Timeline of Computer History
 

1945  
Computers
John von Neumann
John von Neumann wrote "First Draft of a Report on the EDVAC" in which he outlined the architecture of a stored-program computer. Electronic storage of programming information and data eliminated the need for the more clumsy methods of programming, such as punched paper tape — a concept that has characterized mainstream computer development since 1945. Hungarian-born von Neumann demonstrated prodigious expertise in hydrodynamics, ballistics, meteorology, game theory, statistics, and the use of mechanical devices for computation. After the war, he concentrated on the development of Princeton´s Institute for Advanced Studies computer and its copies around the world.
People & Pop Culture
Grace Hopper
On September 9th, Grace Hopper recorded the first actual computer "bug" — a moth stuck between the relays and logged at 15:45 hours on the Harvard Mark II. Hopper, a rear admiral in the U.S. Navy, enjoyed successful careers in academia, business, and the military while making history in the computer field.
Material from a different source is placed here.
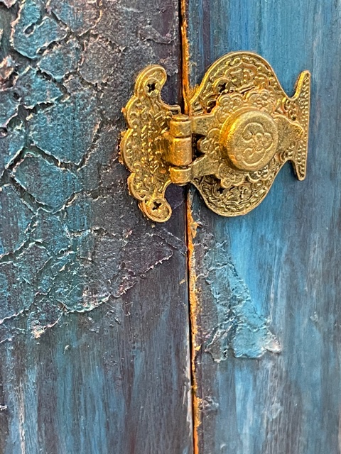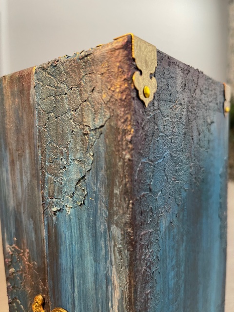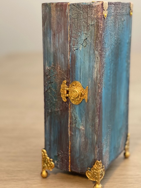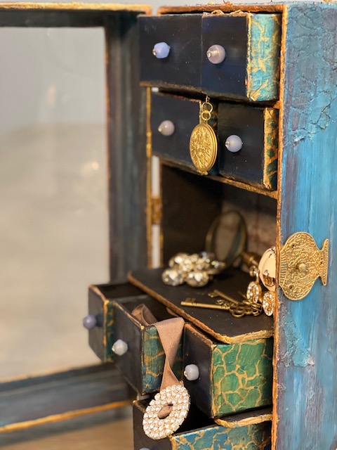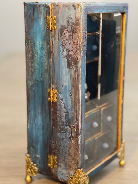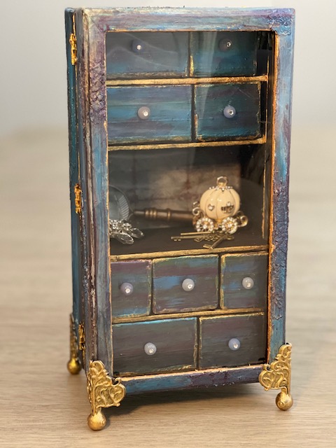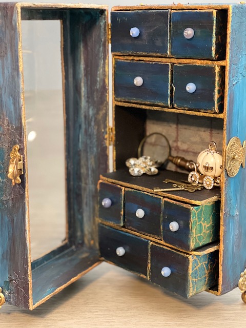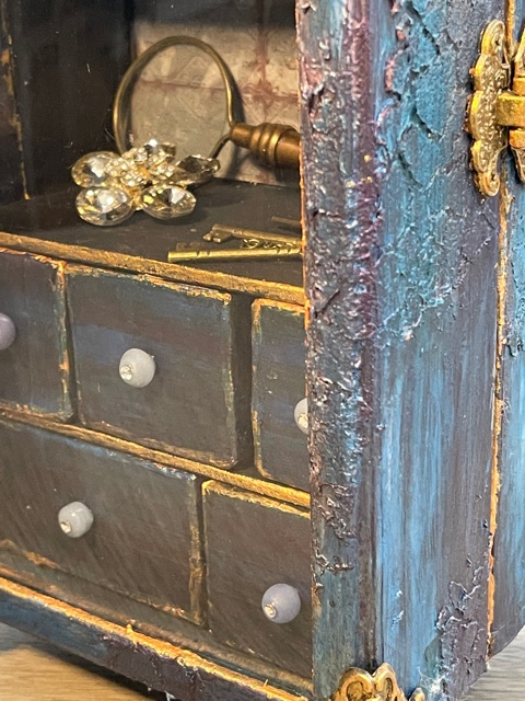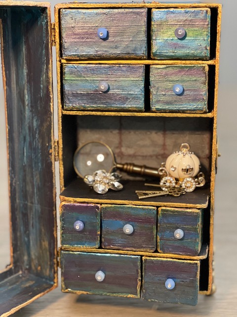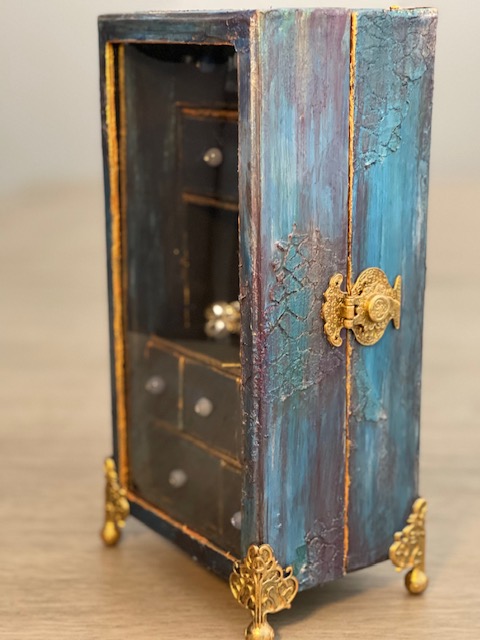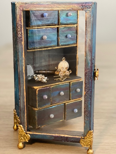 Once everything dry, I gave it 24 hours before I starting painting, I used a combination of Craftsmart Multi-Surface Premium Chalky Acrylic Paint in French Teal, Art-C Ultra Chalk Soft Matte Paint in Turquoise Blue and Art-C Metallic Paint in Eggplant, and Art Alchemy Metallique paint in Emerald Green and Deep Waters. I used Sparks paint for bits of highlighting over the entire box base. For the drawer fronts, I used a painting technique I learned many years ago. I floated three of the paint colors on my paint brush, then brushed over the drawer fronts giving them a blended paint look. The last step was spraying the entire project with Krylon Matte UV-Resistant Clear Acrylic Coating. I left the clear window that came with the Configurations box off to avoid getting overspray on it from the acrylic coating. I later attached the clear window using double-sided tape.

She helped program the Harvard Mark I and II and developed the first compiler, A-0. Her subsequent work on programming languages led to COBOL, a language specified to operate on machines of different manufacturers.
Software & Languages
Konrad Zuse
Konrad Zuse began work on Plankalkul (Plan Calculus), the first algorithmic programming language, with an aim of creating the theoretical preconditions for the formulation of problems of a general nature. Seven years earlier, Zuse had developed and built the world´s first binary digital computer, the Z1. He completed the first fully functional program-controlled electromechanical digital computer, the Z3, in 1941. Only the Z4 — the most sophisticated of his creations — survived World War II.